Please transcribe the data that follows without the pictures, keeping every word the same.

_Data below_
• • • • • • •
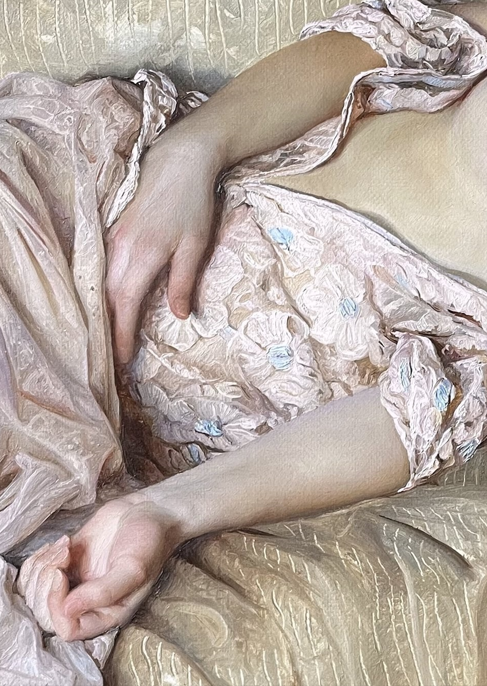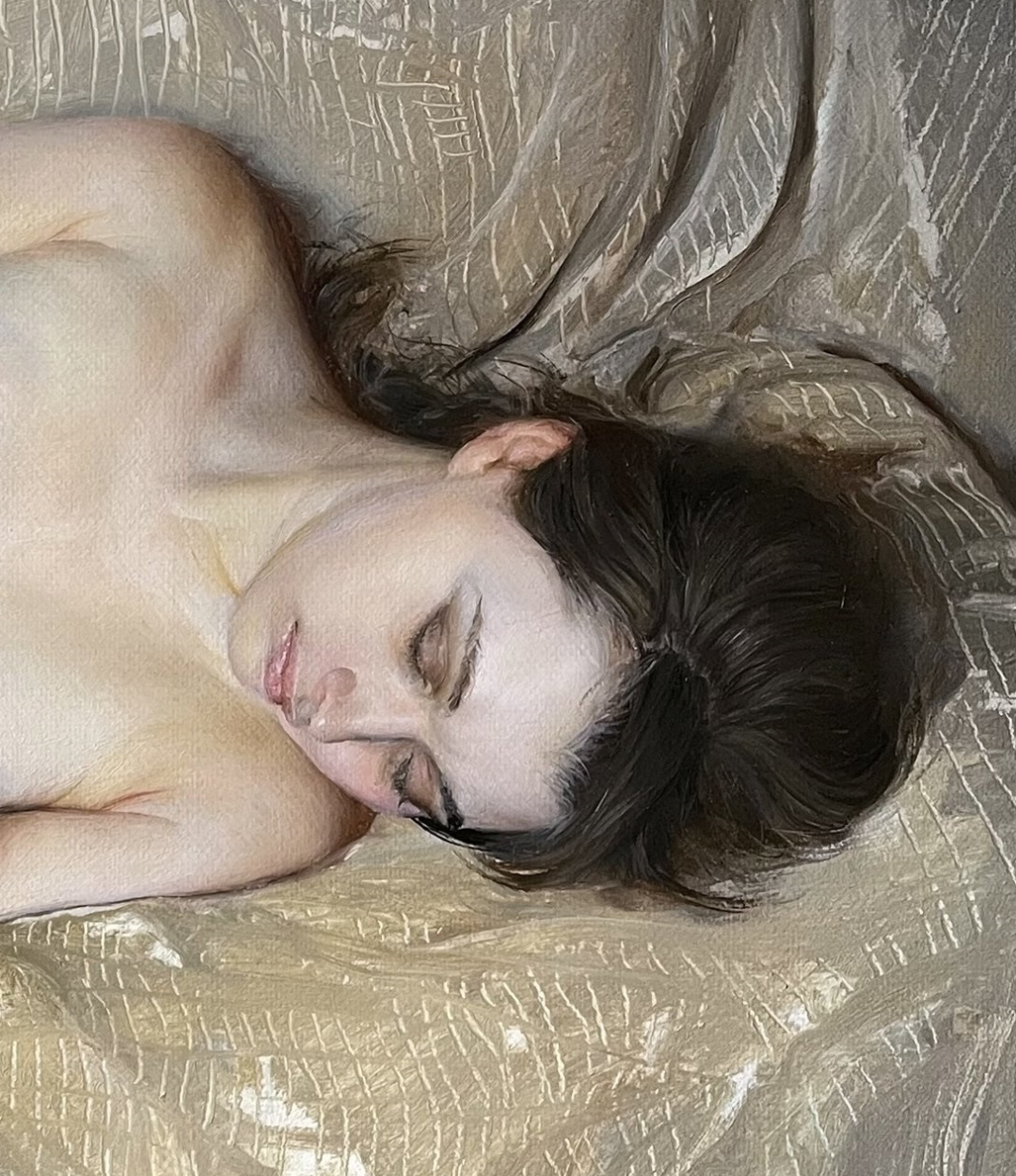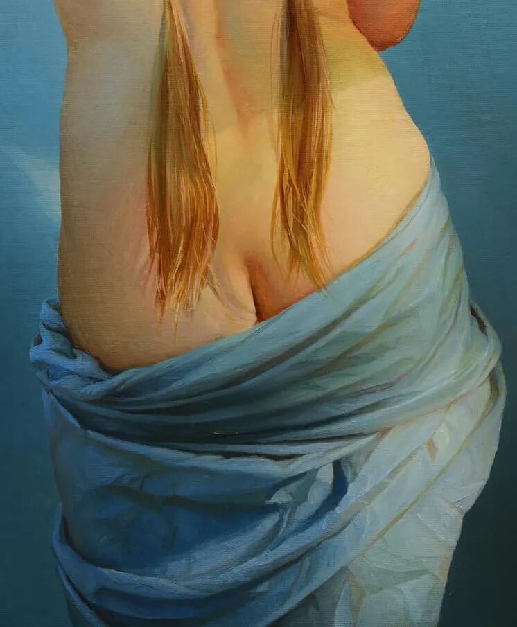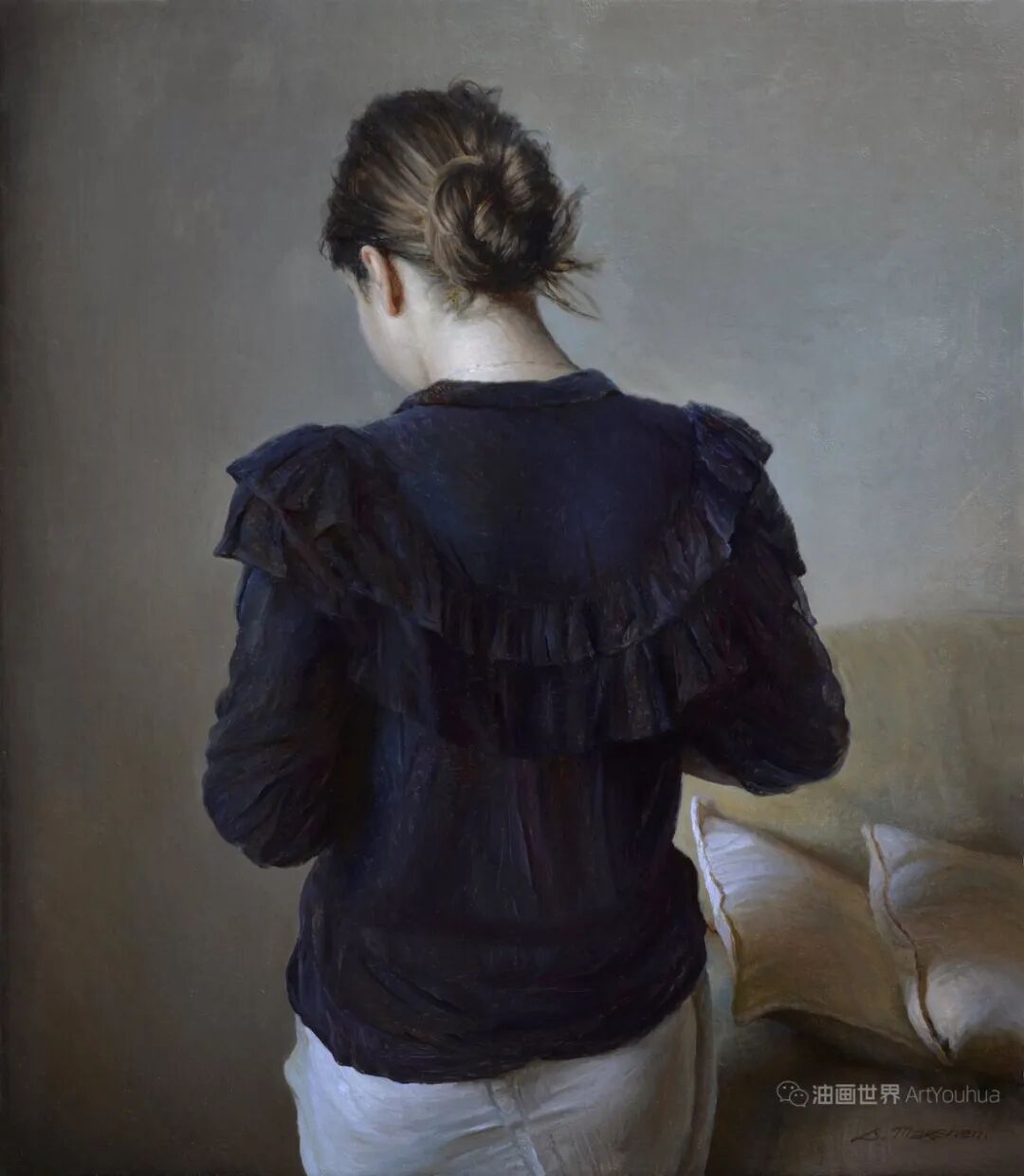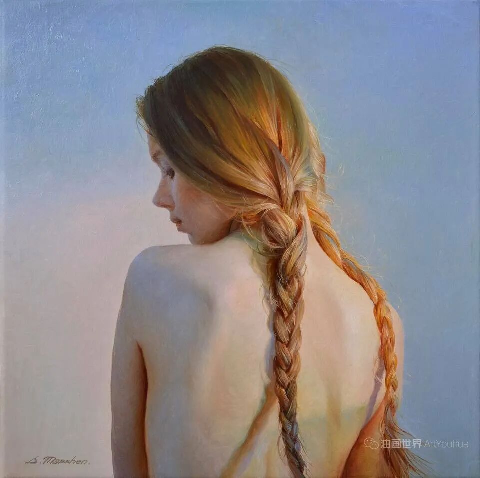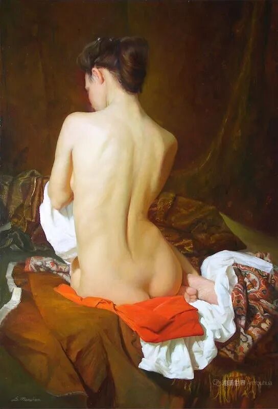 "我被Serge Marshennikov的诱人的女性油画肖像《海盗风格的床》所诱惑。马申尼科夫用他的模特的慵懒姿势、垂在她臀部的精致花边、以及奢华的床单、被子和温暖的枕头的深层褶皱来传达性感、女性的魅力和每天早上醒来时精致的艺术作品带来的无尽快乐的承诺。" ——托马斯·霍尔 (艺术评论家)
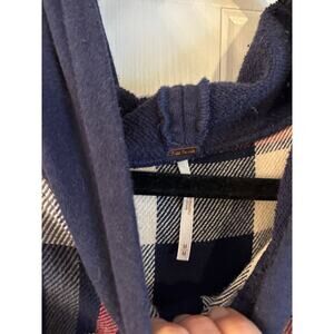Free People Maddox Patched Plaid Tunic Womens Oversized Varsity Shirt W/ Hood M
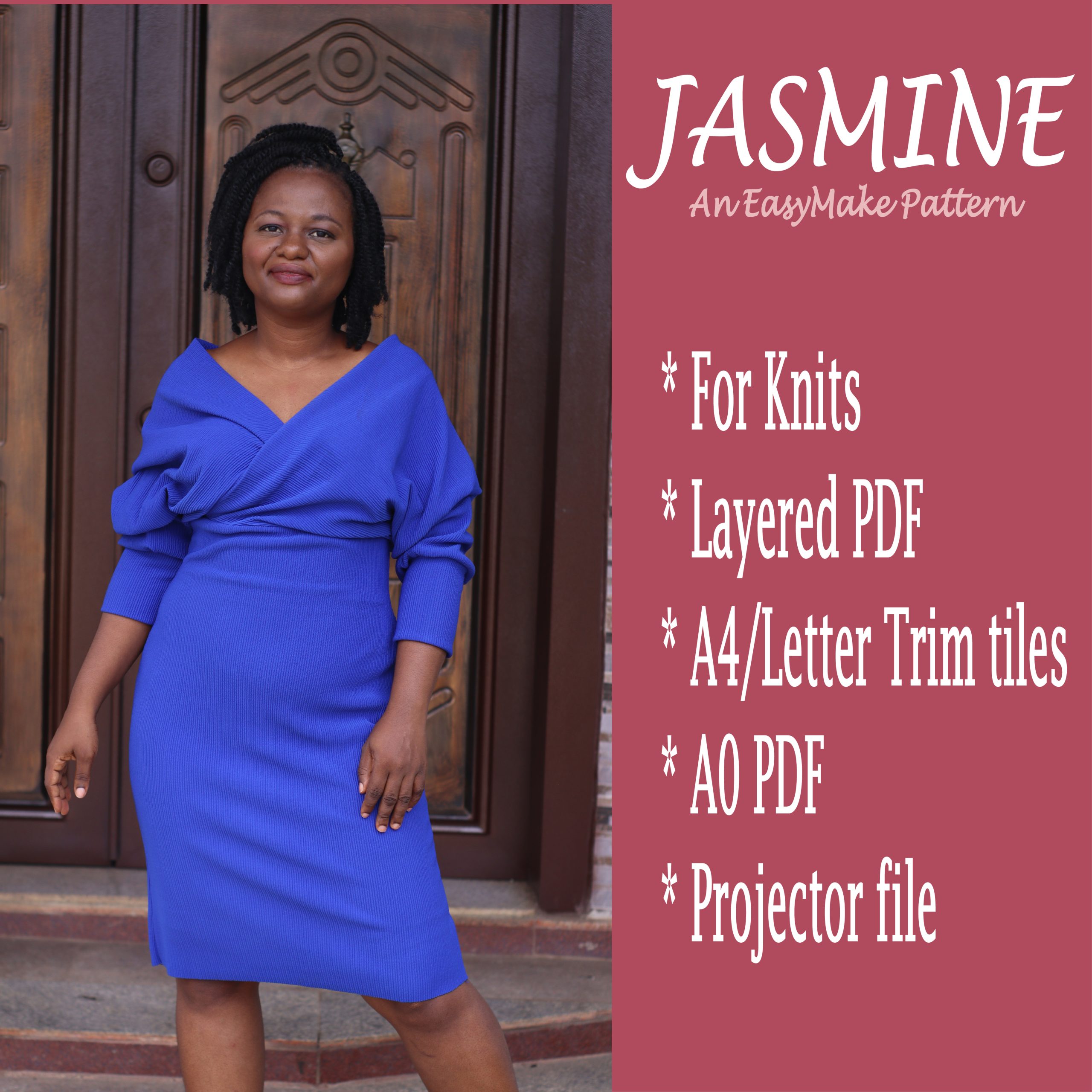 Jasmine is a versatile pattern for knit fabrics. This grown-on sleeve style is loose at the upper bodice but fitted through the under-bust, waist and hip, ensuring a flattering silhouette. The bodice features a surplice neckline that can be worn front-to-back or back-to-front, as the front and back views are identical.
• • • • • • •
_Reply_
 "我被Serge Marshennikov的诱人的女性油画肖像《海盗风格的床》所诱惑。马申尼科夫用他的模特的慵懒姿势、垂在她臀部的精致花边、以及奢华的床单、被子和温暖的枕头的深层褶皱来传达性感、女性的魅力和每天早上醒来时精致的艺术作品带来的无尽快乐的承诺。" ——托马斯·霍尔 (艺术评论家)
Free People Maddox Patched Plaid Tunic Womens Oversized Varsity Shirt W/ Hood M
 Jasmine is a versatile pattern for knit fabrics. This grown-on sleeve style is loose at the upper bodice but fitted through the under-bust, waist and hip, ensuring a flattering silhouette. The bodice features a surplice neckline that can be worn front-to-back or back-to-front, as the front and back views are identical.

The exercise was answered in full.